- _Supplied information_
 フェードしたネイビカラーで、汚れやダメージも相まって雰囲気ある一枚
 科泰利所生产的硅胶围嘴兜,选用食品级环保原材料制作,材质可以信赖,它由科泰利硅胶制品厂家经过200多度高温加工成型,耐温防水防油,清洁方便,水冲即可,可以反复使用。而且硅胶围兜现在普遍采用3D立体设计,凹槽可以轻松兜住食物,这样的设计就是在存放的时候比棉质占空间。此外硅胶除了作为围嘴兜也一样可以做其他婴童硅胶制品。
--
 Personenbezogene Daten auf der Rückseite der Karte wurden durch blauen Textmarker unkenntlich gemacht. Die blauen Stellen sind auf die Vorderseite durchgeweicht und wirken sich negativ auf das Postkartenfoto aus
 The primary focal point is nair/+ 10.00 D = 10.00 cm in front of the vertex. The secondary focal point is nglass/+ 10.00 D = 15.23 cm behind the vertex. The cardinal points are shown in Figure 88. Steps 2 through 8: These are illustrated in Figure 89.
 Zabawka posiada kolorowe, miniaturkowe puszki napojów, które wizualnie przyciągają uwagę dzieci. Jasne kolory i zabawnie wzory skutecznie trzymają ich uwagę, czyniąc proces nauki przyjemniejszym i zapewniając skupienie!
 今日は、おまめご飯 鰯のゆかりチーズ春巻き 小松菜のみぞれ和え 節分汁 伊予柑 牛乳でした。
---
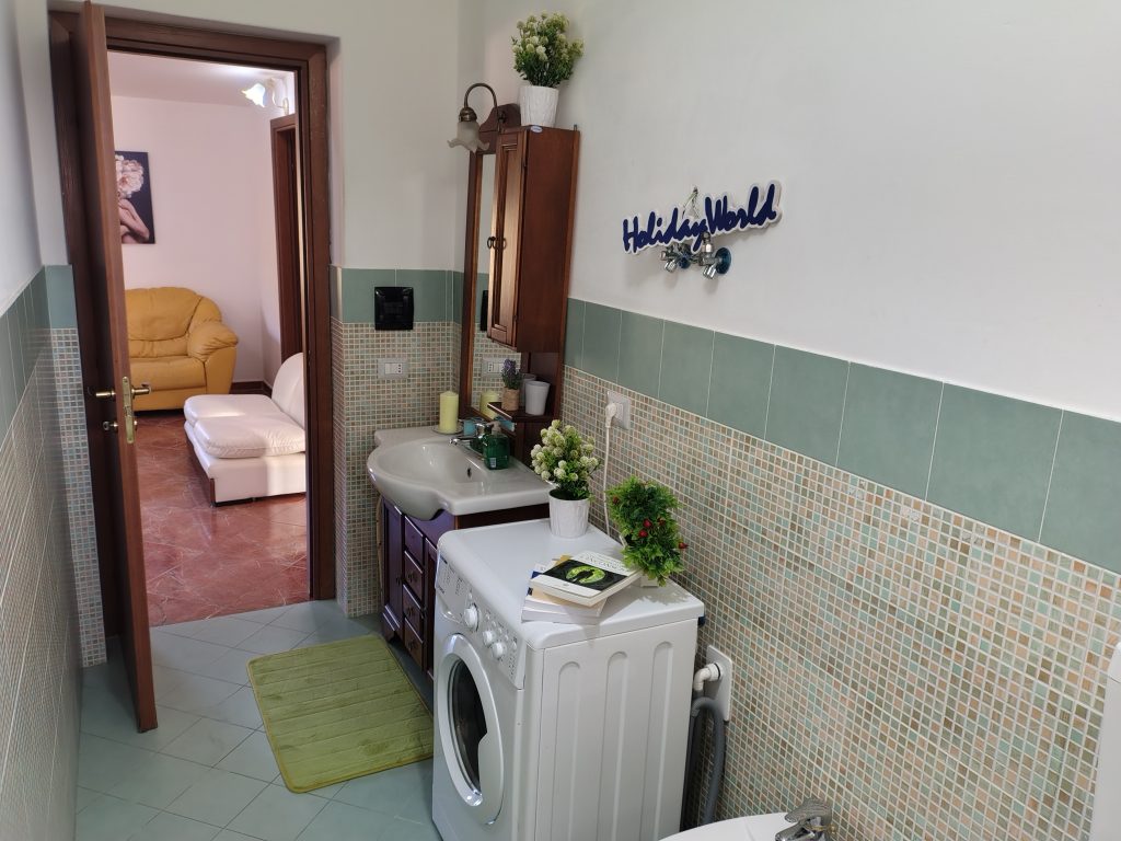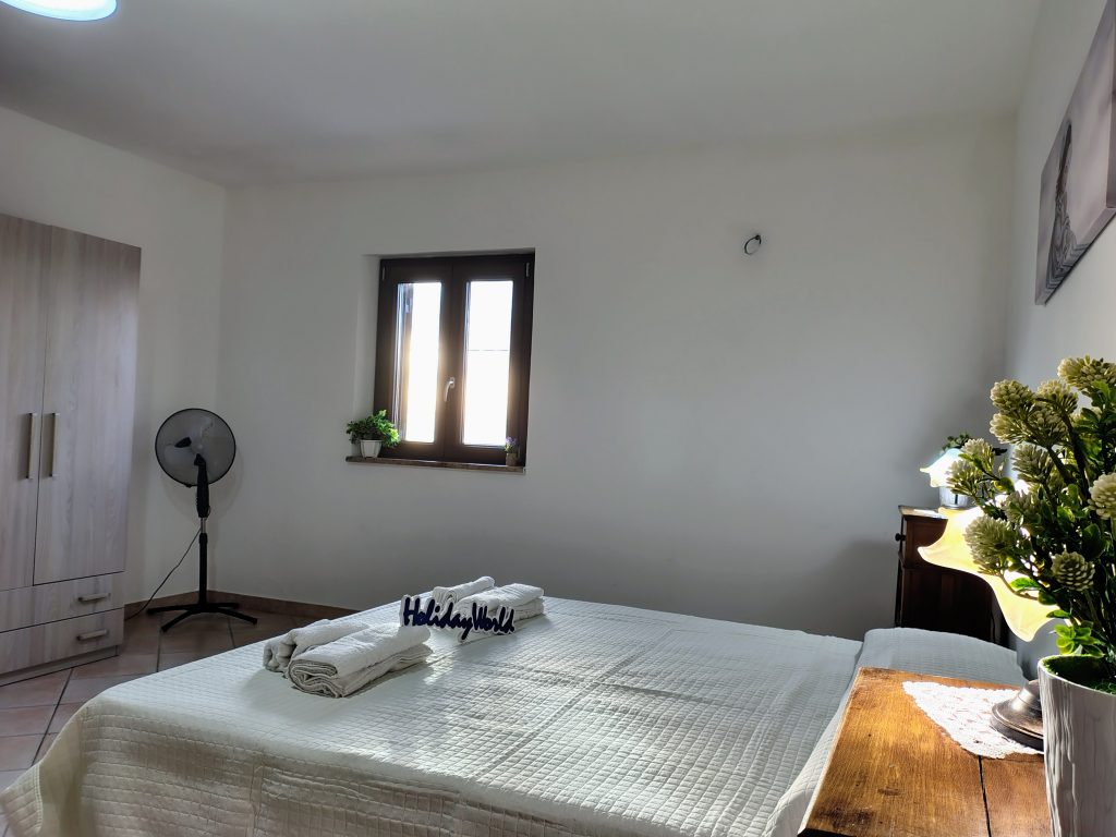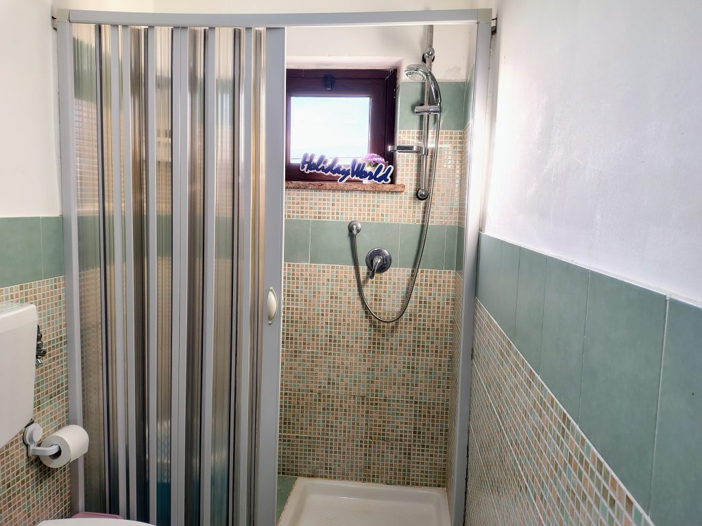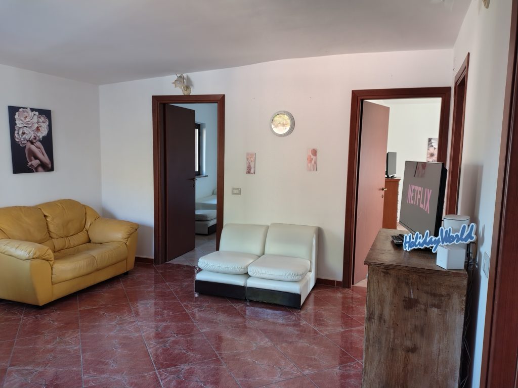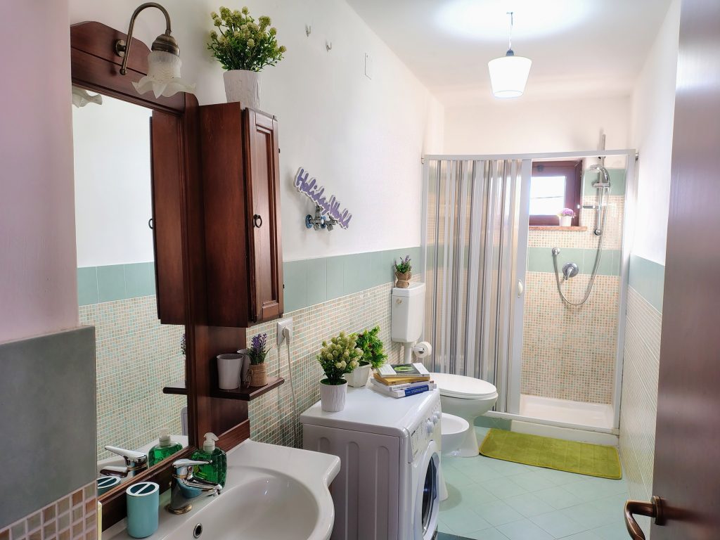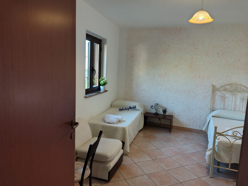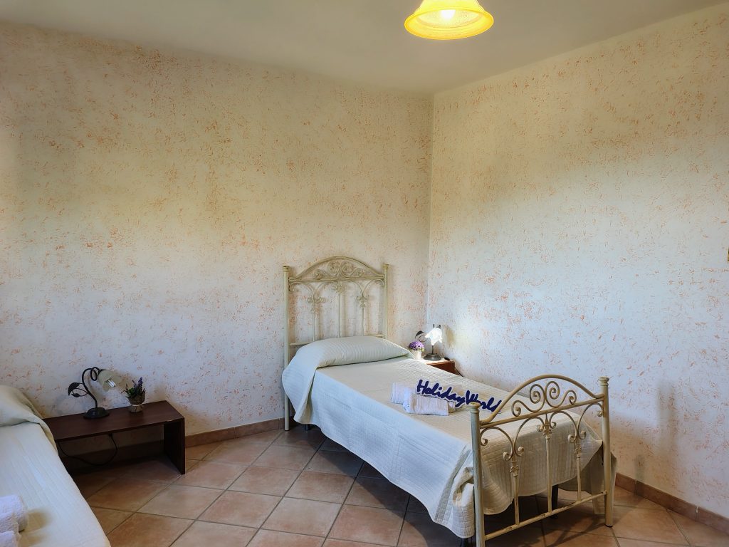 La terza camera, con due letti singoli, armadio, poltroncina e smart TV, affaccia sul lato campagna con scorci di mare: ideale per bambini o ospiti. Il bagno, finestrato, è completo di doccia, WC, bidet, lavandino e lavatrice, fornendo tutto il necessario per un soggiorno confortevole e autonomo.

- _Task objective_
Restate word for word only the lines above from the line containing "フェードしたネイビカラーで、汚れやダメージも相まって雰囲気ある一枚" to the line containing "科泰利所生产的硅胶围嘴兜,选", both of them included.

- _Expected answer_
 フェードしたネイビカラーで、汚れやダメージも相まって雰囲気ある一枚
 科泰利所生产的硅胶围嘴兜,选用食品级环保原材料制作,材质可以信赖,它由科泰利硅胶制品厂家经过200多度高温加工成型,耐温防水防油,清洁方便,水冲即可,可以反复使用。而且硅胶围兜现在普遍采用3D立体设计,凹槽可以轻松兜住食物,这样的设计就是在存放的时候比棉质占空间。此外硅胶除了作为围嘴兜也一样可以做其他婴童硅胶制品。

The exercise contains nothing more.